Expression of Notch receptors and ligands and their target gene Hes1 in mouse embryonic gut mesenchyme. (A) E12.5 stomach endoderm (SE) and mesenchyme (SM) were separated and analyzed by conventional (gel electrophoresis bands) and qRT-PCR (bar graph). Expression of Notch2 and Notch3 (but not Notch1) transcripts is roughly equivalent in the two compartments. Compartment-specific expression of Barx1 and Shh verifies tissue separation and Hes1 signal reveals greater Notch signaling in endoderm than in mesenchyme. Normalized average Ct values from each sample, assayed in triplicate, are shown below the qRT-PCR bars, where SM transcript levels are expressed in relation to the SE level, normalized to 1.0. (B) qRT-PCR analysis for Notch ligands in E12.5 SE and SM. Mesenchymal expression of Jag1 and Dll3 mRNA, but not other Notch ligands, approaches that in the endoderm. qRT-PCR analyses (A,B) were performed on three independent samples; error bars indicate s.d. (C-G) In situ hybridization results for Notch3, Jag1 and Dll3 in E14.5 stomach, with sense controls for Jag1 and Dll3. Dotted lines demarcate endoderm (luminal) from mesenchyme. (H-J) Hes1 immunostaining on E15 digestive tract, including the stomach (H, the boxed area is magnified in I) and intestine (J). Besides the nascent epithelium, Hes1 appears in the mesenchymal lamina propria (arrows). Scale bars: 50 μm.
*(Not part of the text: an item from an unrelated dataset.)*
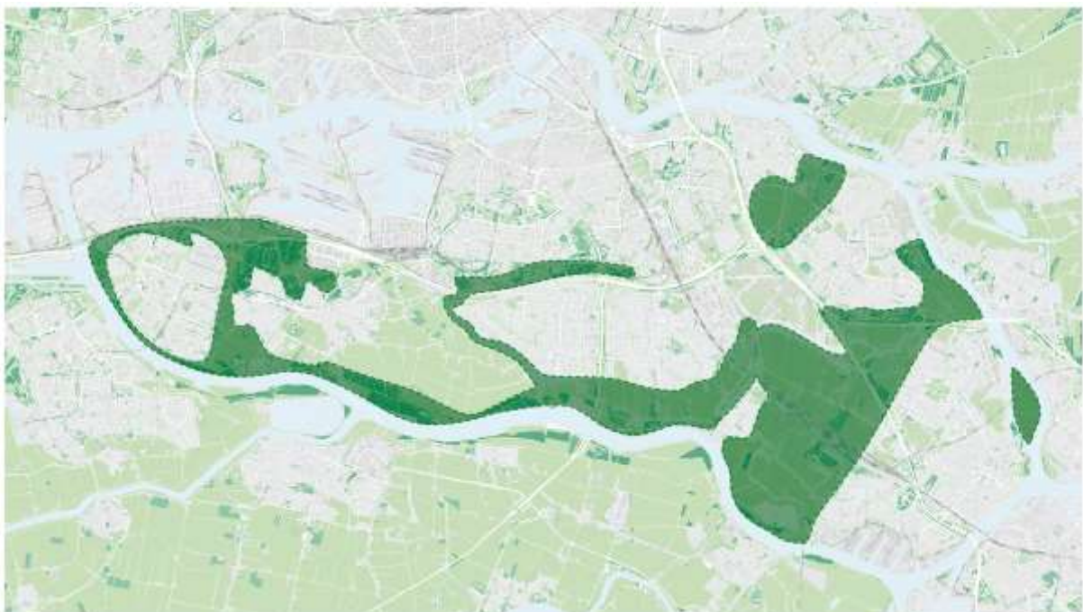
Contouren groene ruimte van de Landschapstafel IJsselmonde

Immunohistochemistry, histology and in situ hybridization
Tissues were fixed overnight in 4% paraformaldehyde at 4°C, dehydrated, embedded in paraffin, and sectioned at 5 μm. Antigens were retrieved in 10 mM Na citrate buffer (pH 6.0) and endogenous peroxidase activity blocked in methanol and 3% H2O2. Frozen tissues were embedded in OCT compound (Tissue-Tek) and sectioned at 9 μm. After blocking with 5% fetal bovine serum, samples were incubated with the following antibodies: Atp4b (2B6, 1:1000, MBL, Billerica, MA, USA), smooth muscle actin (1A4, 1:3000, Biogenex, San Ramon, CA, USA), β-tubulin (Tuj1, 1:200, BD Pharmingen, Franklin Lakes, NJ, USA), p63 (1:2000, Neomarkers, Fremont, CA, USA), Ki67 (1:2000, Vector Labs, Burlingame, CA, USA), Hes1 (1:1000, gift of Dr Nadean Brown, University of Cincinnati, OH, USA), phospho-histone H3 (1:500, Millipore, Billerica, MA, USA), and GFP (JL-8, 1:200, Clontech, Mountain View, CA, USA). Samples were washed and subsequently incubated with biotin-conjugated anti-mouse or anti-rabbit IgG (1:300, Vector Labs). Color reactions were developed with Vectastain avidin-biotin complex ABC kit (Vector Labs) and diaminobenzidine substrate (Sigma-Aldrich, St Louis, MO, USA).
For in situ hybridization, 6 μm tissue sections were deparaffinized, rehydrated, washed in PBS and treated with 1 μg/ml proteinase K (Roche, Indianapolis, IN, USA) for 10 minutes. After treatment with 0.25% acetic anhydride in 0.1 M triethanolamine (pH 8.0), slides were washed in 2× SSC and air dried. DNA templates for riboprobes were kindly provided by A. McMahon (Harvard University). Samples were hybridized overnight at 60°C with digoxigenin-labeled antisense riboprobes in 50% formamide, 5× SSC, 2× Denhardt's solution, 0.02% bovine serum albumin, 0.1% Tween 20, 0.25% SDS, 5 mM EDTA (pH 8.0) and 50 μg/ml yeast tRNA. After washing, slides were incubated for 90 minutes in 20% sheep serum and then overnight at 4°C with alkaline phosphatase-conjugated sheep anti-digoxigenin antibody (1:3000 in PBS supplemented with 10% fetal bovine serum). Color reactions were developed with nitroblue tetrazolium/5-bromo-4-chloro-3-indolyl phosphate (Roche).
Reverse transcription (RT) PCR
Total RNA was extracted with Trizol (Invitrogen, Carlsbad, CA, USA), treated with RNase-free DNase (Ambion, Austin, TX, USA), and reverse transcribed using oligo(dT) primers. Relative transcript levels were determined by conventional and SYBR Green real-time PCR (Applied Biosystems, Carlsbad, CA, USA).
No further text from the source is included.